帰宅
王都の郊外。閑散とした住宅街のある家にルッカを連れたラゴエスはその戸を叩いた。
「ジナ、いるか!?」
ラゴエスの声に導かれて勢いよく扉が開けられると同い年ぐらいの少女が現れ。ジナという名の少女はラゴエス同様この地方に多い栗色の髪と鳶色の瞳を有している。
「ラゴエス!よかった無事で…」
ジナは安堵の表情でラゴエスを見つめた。
「うん、なんとか戻れた」
「昨日帰ってこなかったじゃないの!?本当に心配したんだから!!で、何があったの??」
安堵から憂いの表情に変わったジナは両肩を掴んで詰め寄って来た。予想以上に心配されたラゴエスは対応に困った。ジナが心配するのも無理はない。当初の予定では日帰りクエストのはずだった。それにも関わらず何も連絡せずに日を跨いで帰ってきた。

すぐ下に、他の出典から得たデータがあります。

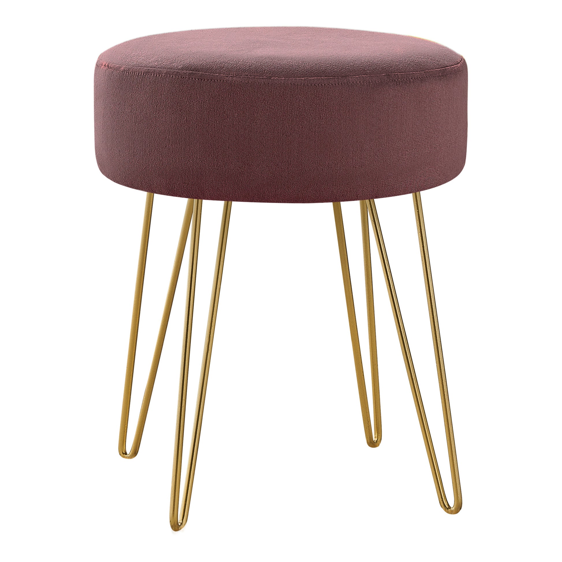 Add a good looking decorative accent to your space that is also practical for seating. A gold metal frame is finished off with a plum upholstery seat that is the epitomy of quality construction and design. Expertly upholstered with padding in a soft solid color velvet, this ottoman is as comfortable as it is good looking. Easy to blend into most any room, a ottoman is a way to add a good looking accent to your space that can also be practical and useful. . 16" H x 13.75" W x 13.75" D
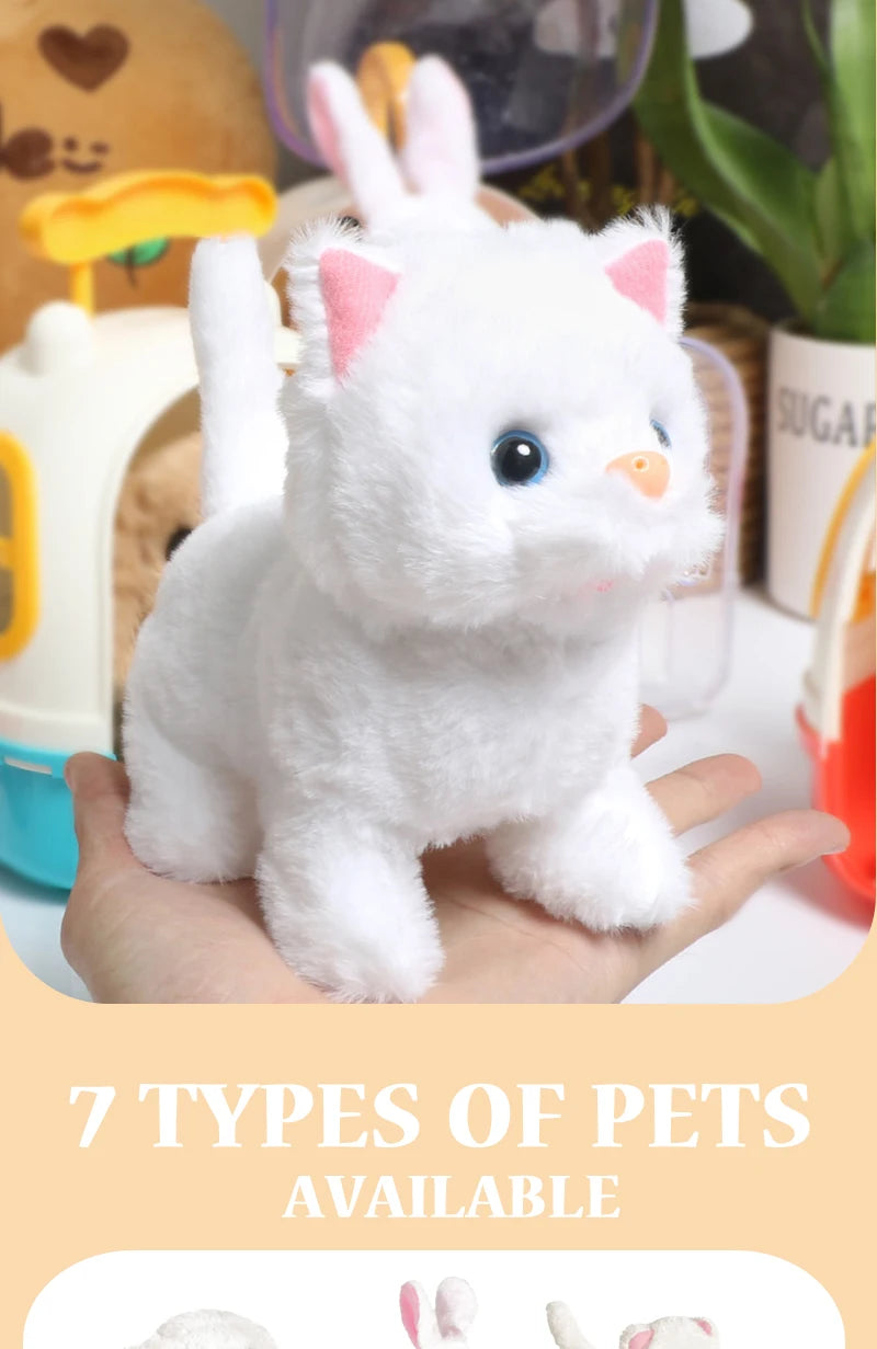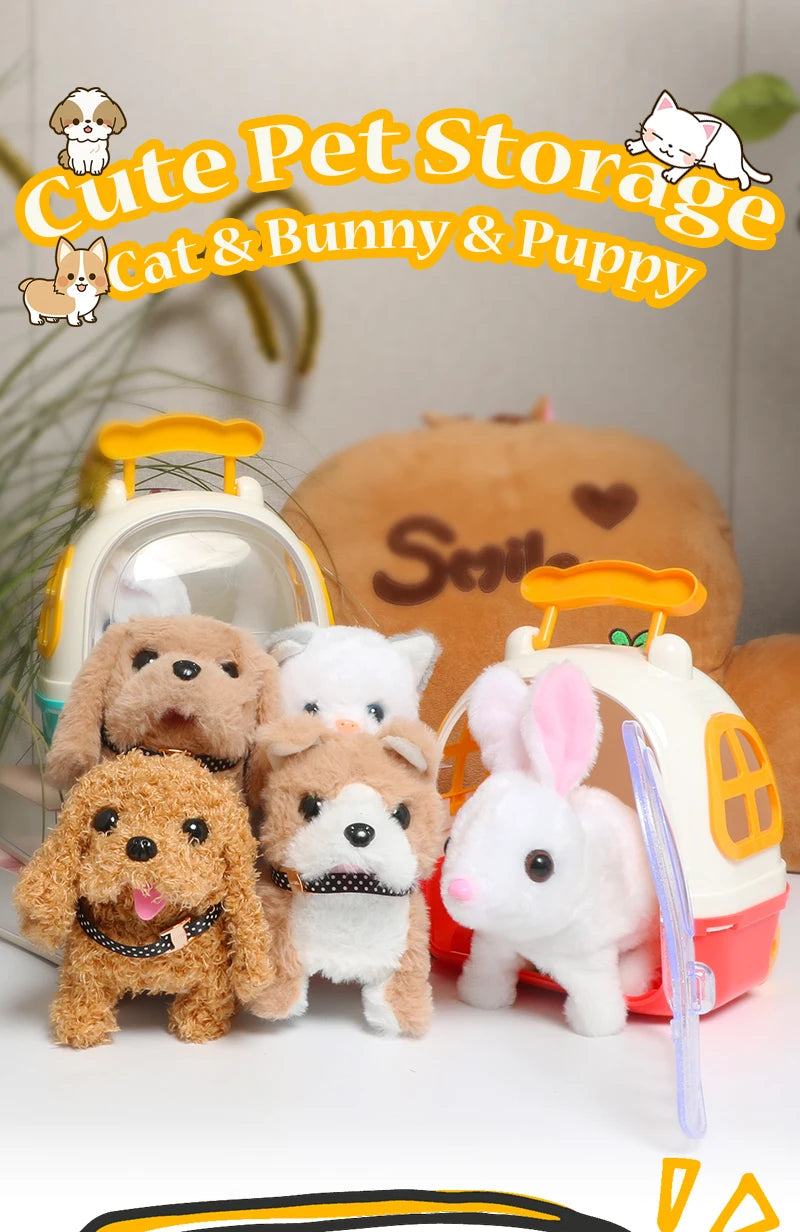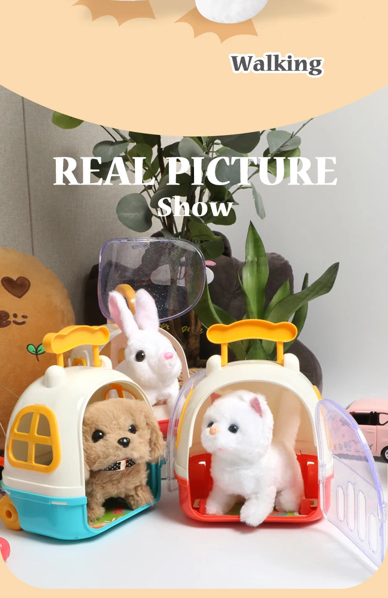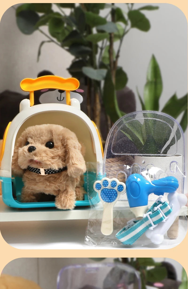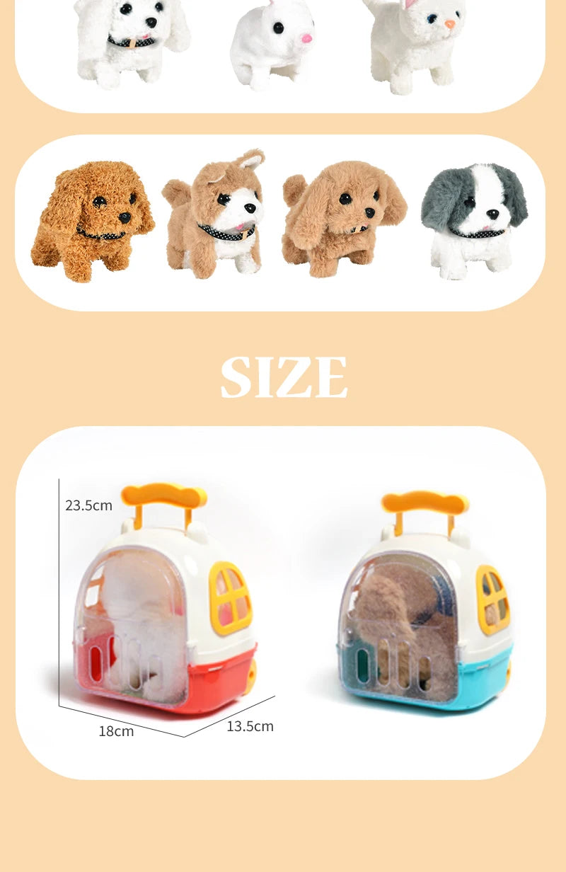- 裝上電池並打開電源,可愛的電動毛絨玩具狗就會像真狗一樣行走、吠叫、搖尾巴和點頭。當你拍打它的頭時,它也會發出聲音,可愛又有趣。

安否確認に夢中だったジナであったが、ラゴエスの背後にいる見慣れない人物の存在に気がついた。
「誰、この女?」
その言葉と同時に表情が一変した。ジナの全身からは威嚇、怒り、嫉妬などの感情を混ぜ合わせたオーラが渦巻いていた。
「待ってぇ!この人はルッカと言ってクエスト中に知り合ったんだ」
ラゴエスは慌てて弁明に入った。
「へぇー、女の子がパーティメンバーなんだぁ。あなたもよく知らない男とパーティ組めるわね。警戒心ってものがないの?」
ジナは腕組みをして眉間にしわを寄せながらルッカを睨み、声は怒りで震えていた。
「パーティを組んでいるわけではないよ!助けてもらっただけだって…」
「冒険を助けてくれる人、それをパーティっていうのよぉ!!」
ルッカに対して飛躍した疑念を抱いているジナには何を言っても機嫌を悪くさせてしまうだけのようだ。
「だからぁ…、本当に助けてもらったんだよ。初心者狩りに襲われている時に…」
『初心者狩り』という単語を聞いた瞬間ジナは再び憂いの表情へと変わった。
「ええっ!!初心者狩りってあの初心者狩り!!??ケガはないの!?してるのなら傷を見せて!今すぐ傷薬持ってくるから!!」
再び詰め寄られためラゴエスは困惑した。初心者狩りとの遭遇で相当危険な目に遭ったが、ラゴエスにはそれ以降の出来事の方が濃かったのでそっちに関してはかすれていた。
一方で二人のやり取りに取り残されたルッカは唖然としていた。
「ラゴエス、この娘は誰なんだ?」
「ジナと言って俺の幼馴染だ。家が隣で物心着く前からの友達」
特に怪我をしていないことが理解できたジナはなんとか冷静になり、ようやく話を聞いてもらえる状態になった。
「なるほどね。この人は命の恩人なんだ」
「うん。それでここからが本題なんだが、彼女は泊まるところを探しているんだけど…」
「命を救ってくれてありがとうございます。だからと言って知り合って間もない男の家には泊まるなんて危険ですよねぇ!この道ずっと行けばそのうち宿屋が見つかるのでそっちに…」
ジナは話をさえ切って一方的に捲し立てた。なんとか落ち着いてもらい話を再開させるのにしばらく時間がかかった。
「ふーん、つまり命を狙われているからほとほりが冷めるまでここでやり過ごしたいのね」
「そういう訳だから離れを貸して欲しいんだ」
冒険者であったラゴエスの両親は幼少期に他界。その後祖父に育てられたがそれも他界した。喪が明け夢だった親と同じ冒険者となった。ラゴエスが家を空けている間いつでも帰ってこられるように隣人で幼馴染であるジナが掃除などの管理をしてくれている。
ちなみにジナとは子供の頃から友達というより兄妹のような関係で家族同然だった。その間柄もあって両親が他界してからは祖父が仕事で留守にしていた時にはジナが食事を用意してくれた。ジナの両親も仕事で家を空けることが多くその状況故に子供の頃から料理を自主的に覚えた。
現在ラゴエスは冒険者になりはしたが、当分の間はこの街を拠点にするため家には度々戻るつもりでいる。戻ってきた時には今まで通りジナに食事を用意してもらうことになっていた。